Thousands of jobs were lost and the domestic property market collapsed.

Today, unemployment remains high at nearly 15 per cent.

The high rates of joblessness saw more than 87,000 people emigrate from Ireland last year.

Australia is becoming the new home for thousands of Irish each year.




Science without religion is lame, religion without science is blind...Albert Einstein
by vbo on Thu Nov 14th, 2013 at 11:26:47 PM EST
Can't find it anywhere now but only yesterday on TV here (maybe Al Jazeera or even BBC) about how while yes they are exiting EU/IMF bailout , they actually are not paying disability payments any more. There was an example of young mother with a special need child that is not receiving payment any more.
So at least we know who is paying for this...
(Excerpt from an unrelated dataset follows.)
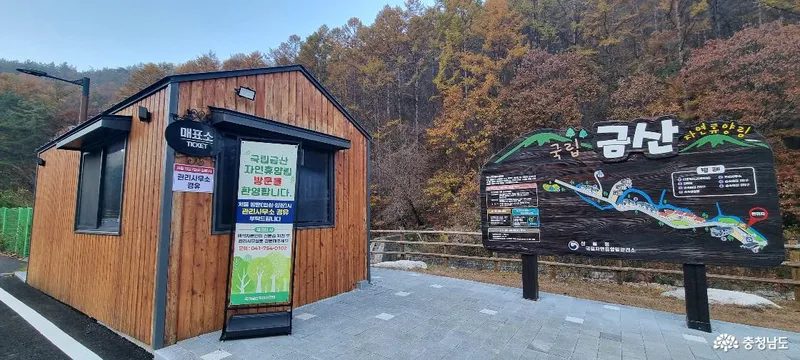 금산휴양림 입구의 목조 안내소는 산뜻한 느낌으로 사람들을 맞이했다. 고요한 숲속의 금산자연휴양림은 금산의 새로운 명소로 이름을 알리기 시작했다.

Science without religion is lame, religion without science is blind...Albert Einstein
by vbo on Thu Nov 14th, 2013 at 11:46:19 PM EST
[ Parent ]
I have just seen "new faces of poverty in France" on 24 France program ( in English) and I is really sad. I mean one can find very similar examples everywhere ( here in Australia too for sure) but I was under impression that European social security is much more appropriate then anywhere else. It seems like I was wrong. A lot of homeless young people, lot of single mothers not being able to afford even roof for their kids, people with disabilities eating from food banks...even working people stretched to the edge...  
Pension ( if you live long enough to get it) is about 600 Euros a month...and how the hell one can survive with it in France ( let alone Paris)? Here in Australia single pensioner would receive 1165 Euros a month plus other benefits like almost free medicine/drugs, paying less electricity bills , rates bill . water bill, car registration etc. And it is still hard to live on it especially because accommodation is horrendously expensive. Anyway with new conservative government in place we can soon say Goodbye to most of the benefits here...


Science without religion is lame, religion without science is blind...Albert Einstein
by vbo on Fri Nov 15th, 2013 at 12:45:29 AM EST
They've avoided a new potato famine, for the moment.  Time to declare "Mission Accomplished," cut them loose, and let them spin the rest of the way in.  Huge success for the Ueberklass.